Thailand should measure happiness - Bhutanese Prime Minister

Agence France-Presse, Nov 26, 2007

BANGKOK, Thailand -- Thailand's army-installed Prime Minister Surayud Chulanont said Monday that the kingdom should measure the happiness of its people as well as the growth of its economy.

Surayud spoke as he met caretaker Prime Minister Lyonpo Kinzang Dorji of Bhutan, a remote Buddhist kingdom in the Himalayas that has embraced the concept of "gross national happiness" as a guiding tenet of its development.

"We are gathered in concern for the well-being of our people spiritually, mentally and physically," Surayud told reporters.

"We have learned that growth cannot be measured in numbers and GDP alone.
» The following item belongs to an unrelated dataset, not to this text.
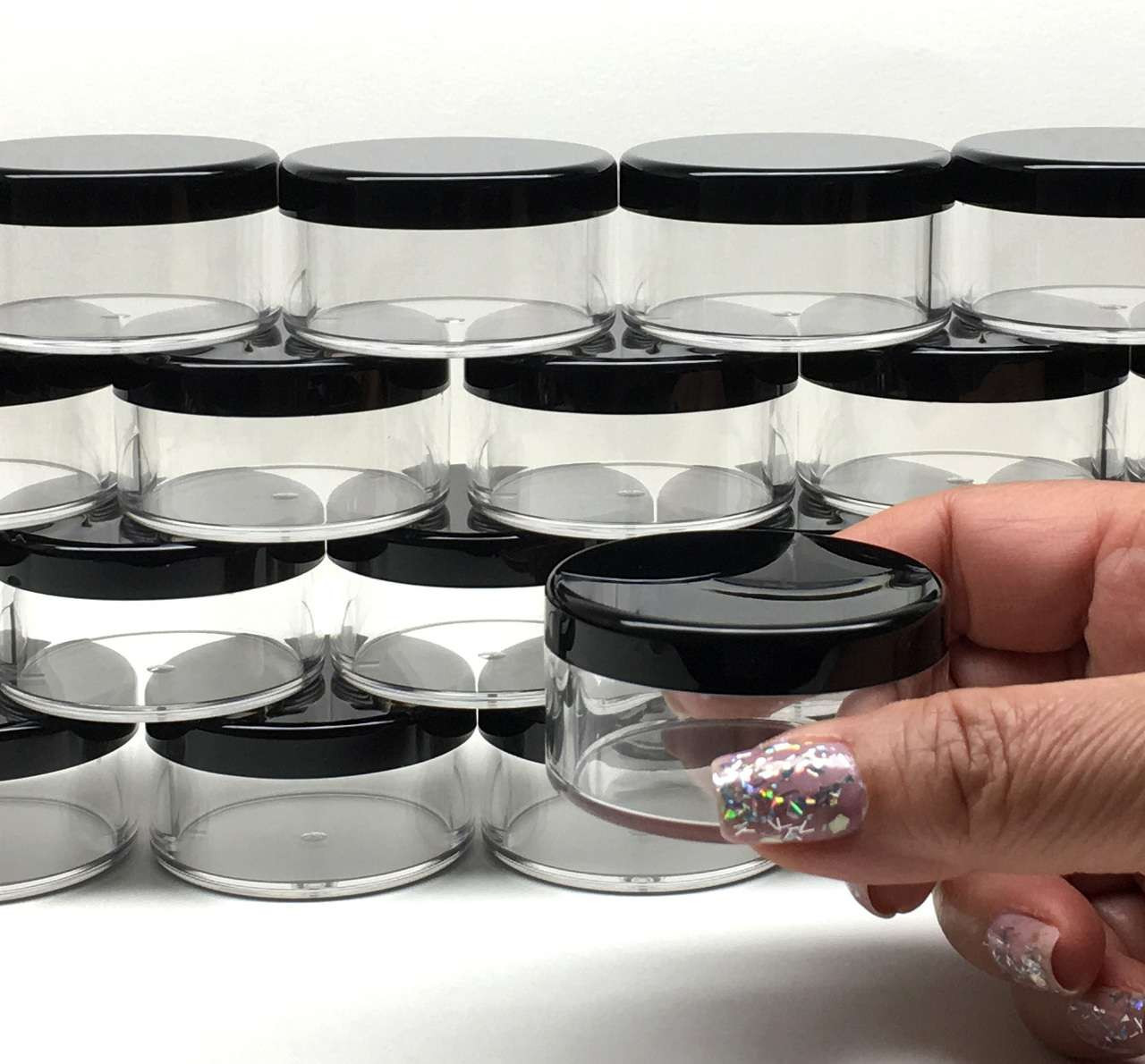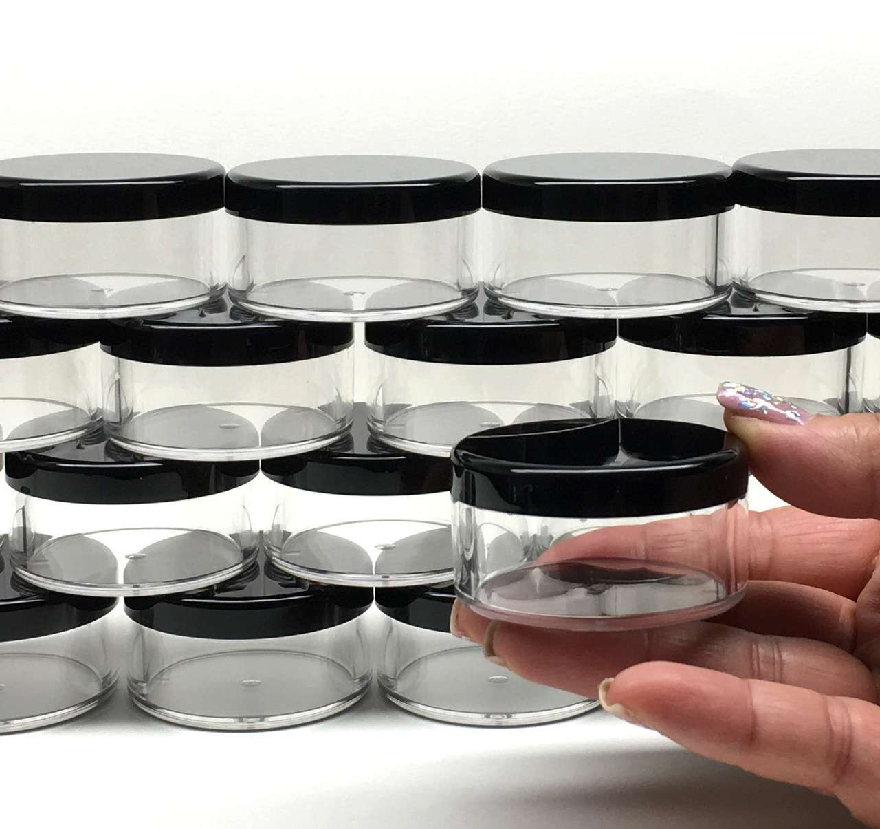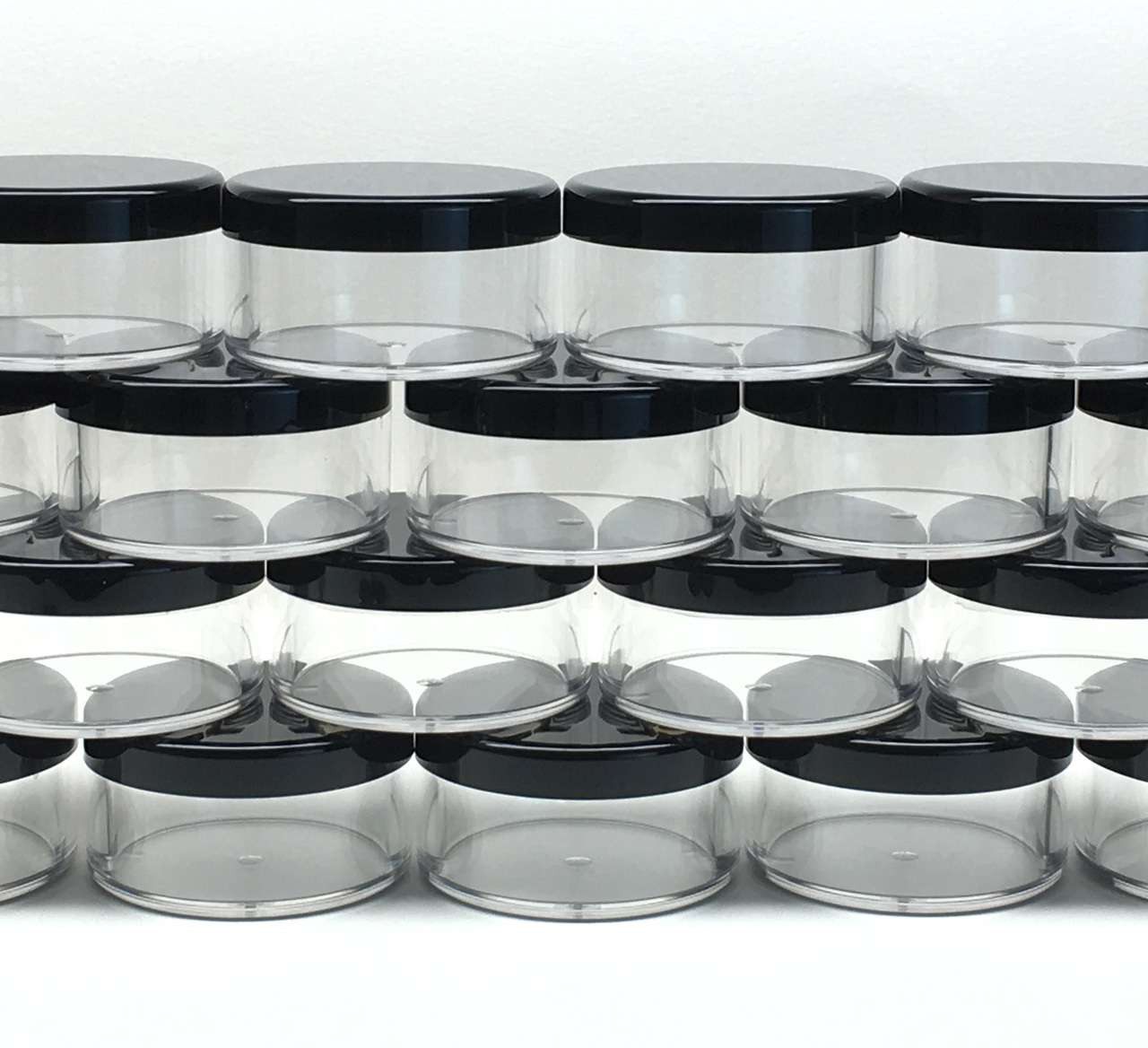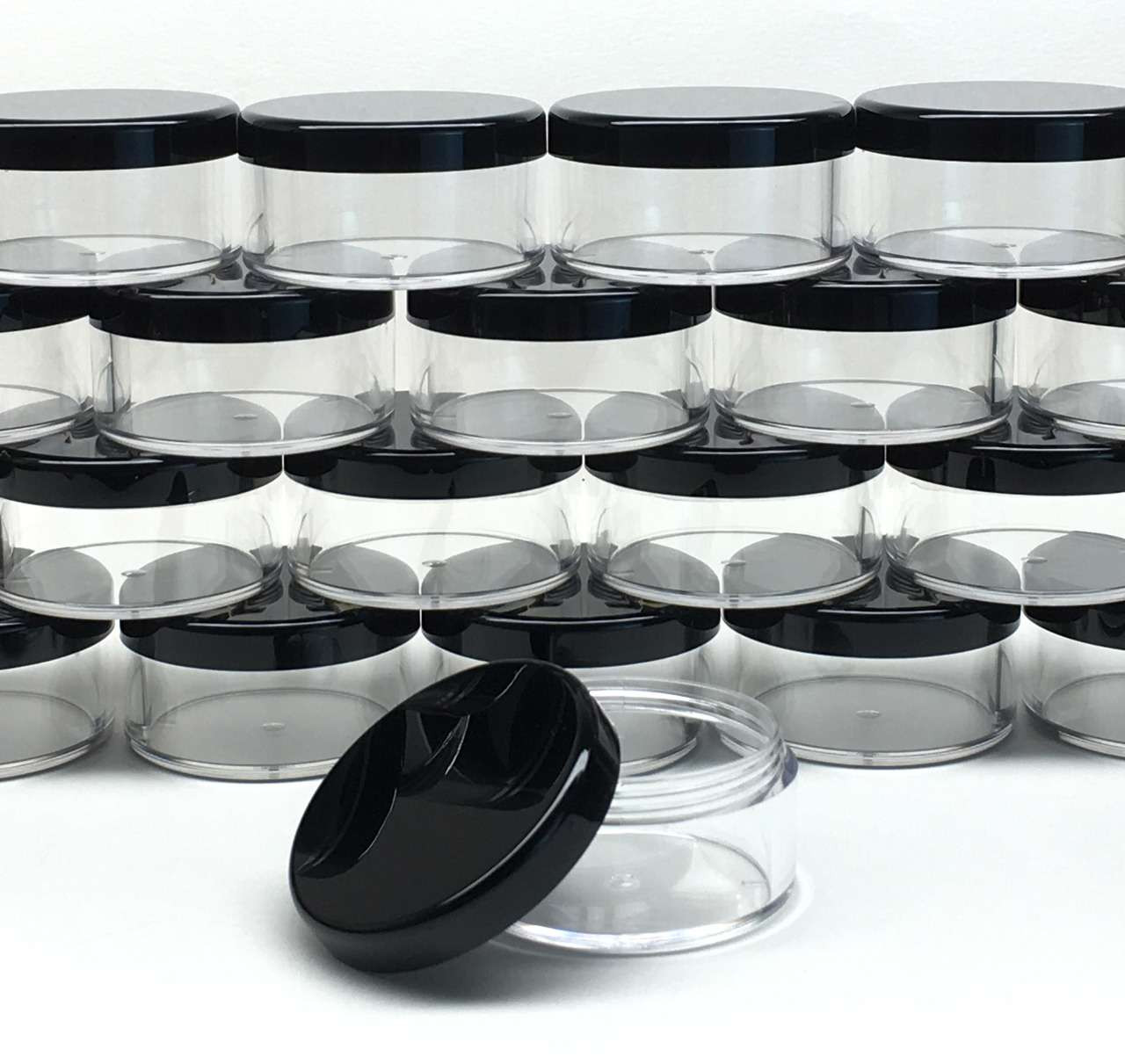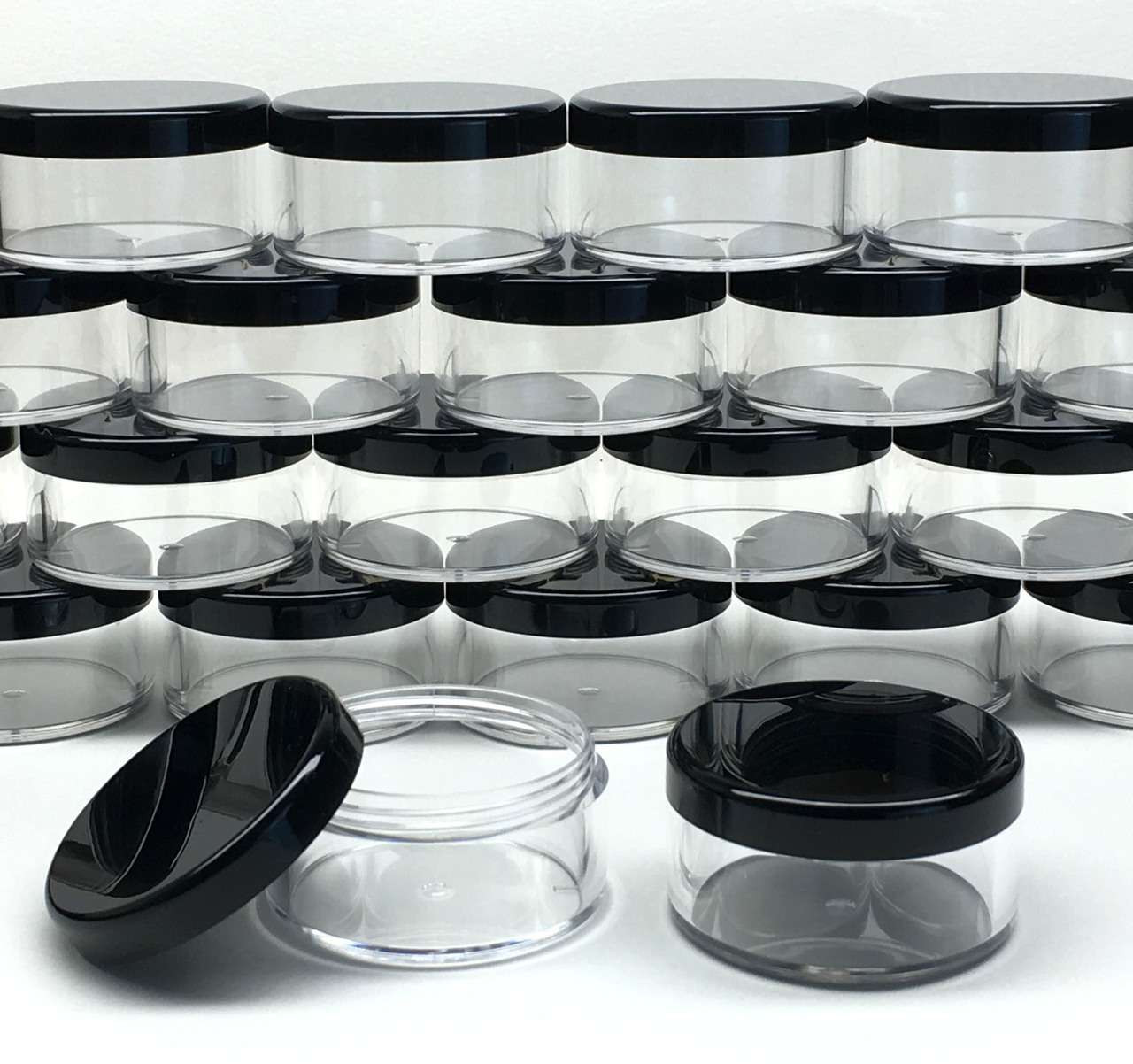 Cosmetic Jars Plastic Beauty Containers - 30 Gram (Black / Clear Lid)

It must also be measured through the well-being of the people," he added.

Bhutan is ranked near the bottom of the world's development scale so the landlocked country invented a unique way to measure progress by citing gross national happiness (GNH) ahead of gross domestic product (GDP).

The policy was decreed by former king Jigme Singye Wangchuck in the 1990s in response to low economic growth in an attempt to reflect quality of life over money.

It has since become the isolated kingdom's guiding policy tool and a driving force behind Bhutan's transition to democracy, with elections set for December, Dorji said.

"The government of Bhutan is developing indicators for GNH and incorporating them into concrete policies," he said, adding: "Numerical values do not do justice to the emotions of the human experience."

The philosophy is listed in Bhutan's draft constitution, slated to be ratified after a national referendum planned as part of the country's historic shift toward parliamentary democracy.

A recent study by the Centre for Bhutan Studies, a research institute, found 68 percent of the country's nearly 700,000 people were happy.

A World Bank official last week told Bhutan's state newspaper that other countries should also promote gross national happiness as a gauge of national well-being.